A line plot is useful for visualizing trends over time. In this exercise, you’ll examine how the median GDP per capita has changed over time.
Use group_by() and summarize() to find the median GDP per capita within each year, calling the output column medianGdpPercap. Use the assignment operator <- to save it to a dataset called by_year. Use the by_year dataset to create a line plot showing the change in median GDP per capita over time. Be sure to use expand_limits(y = 0) to include 0 on the y-axis.
HINT A line plot is created with the geom_line() layer, and has two aesthetics: x and y. You need to set the x-axis to be year.
In the last exercise you used a line plot to visualize the increase in median GDP per capita over time. Now you’ll examine the change within each continent.
Use group_by() and summarize() to find the median GDP per capita within each year and continent, calling the output column medianGdpPercap. Use the assignment operator <- to save it to a dataset called by_year_continent. Use the by_year_continent dataset to create a line plot showing the change in median GDP per capita over time, with color representing continent. Be sure to use expand_limits(y = 0) to include 0 on the y-axis.
HINT This is similar to the last exercise, but you’ll need to group_by() both year and continent, and you’ll need to add a third aesthetic of color = continent to the graph.
A bar plot is useful for visualizing summary statistics, such as the median GDP in each continent.
Use group_by() and summarize() to find the median GDP per capita within each continent in the year 1952, calling the output column medianGdpPercap. Use the assignment operator <- to save it to a dataset called by_continent. Use the by_continent dataset to create a bar plot showing the median GDP per capita in each continent.
HINT A bar plot is created with the geom_col() layer, and it has two aesthetics: x (the category you’re comparing) and y (the statistic controlling the heights of the bars).
You’ve created a plot where each bar represents one continent, showing the median GDP per capita for each. But the x-axis of the bar plot doesn’t have to be the continent: you can instead create a bar plot where each bar represents a country.
In this exercise, you’ll create a bar plot comparing the GDP per capita between the two countries in the Oceania continent (Australia and New Zealand).
Filter for observations in the Oceania continent in the year 1952. Save this as oceania_1952. Use the oceania_1952 dataset to create a bar plot, with country on the x-axis and gdpPercap on the y-axis.
HINT Remember that when you filter for Oceania, you need quotes around the word: continent == “Oceania”.
A histogram is useful for examining the distribution of a numeric variable. In this exercise, you’ll create a histogram showing the distribution of country populations in the year 1952.
Use the gapminder_1952 dataset (code for generating that dataset is provided) to create a histogram of country population (pop) in the year 1952.

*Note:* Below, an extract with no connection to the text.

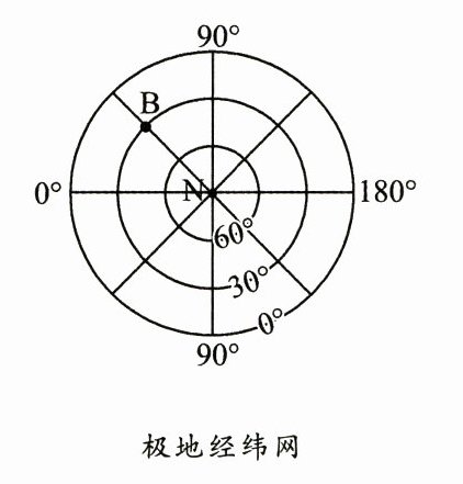判读方法:纬度向北增大为北纬(N),向南增大为南纬(S);经度向东增大为东经(E),向西增大为西经(W)。极地经纬网中,北极上空地球自转呈逆时针,顺自转方向经度增大为东经,减小为西经。

HINT You can specify that you’re creating a histogram by adding the geom_histogram() layer. It has only one aesthetic: x.
In the last exercise you created a histogram of populations across countries. You might have noticed that there were several countries with a much higher population than others, which causes the distribution to be very skewed, with most of the distribution crammed into a small part of the graph. (Consider that it’s hard to tell the median or the minimum population from that histogram).
To make the histogram more informative, you can try putting the x-axis on a log scale.
Use the gapminder_1952 dataset (code is provided) to create a histogram of country population (pop) in the year 1952, putting the x-axis on a log scale with scale_x_log10().
HINT You’ll use the same code that you did in the last exercise, but add scale_x_log10().
A boxplot is useful for comparing a distribution of values across several groups. In this exercise, you’ll examine the distribution of GDP per capita by continent. Since GDP per capita varies across several orders of magnitude, you’ll need to put the y-axis on a log scale.
Use the gapminder_1952 dataset (code is provided) to create a boxplot comparing GDP per capita (gdpPercap) among continents. Put the y-axis on a log scale with scale_y_log10().
HINT A boxplot is created with the geom_boxplot() layer and has two aesthetics: x (the groups that you’re comparing) and y (the value whose distribution you’re considering).
There are many other options for customizing a ggplot2 graph, which you can learn about in other DataCamp courses. You can also learn about them from online resources, which is an important skill to develop.
As the final exercise in this course, you’ll practice looking up ggplot2 instructions by completing a task we haven’t shown you how to do.
Add a title to the graph: Comparing GDP per capita across continents. Use a search engine, such as Google or Bing, to learn how to do so.
HINT Try searching add title ggplot2 on your favorite search engine.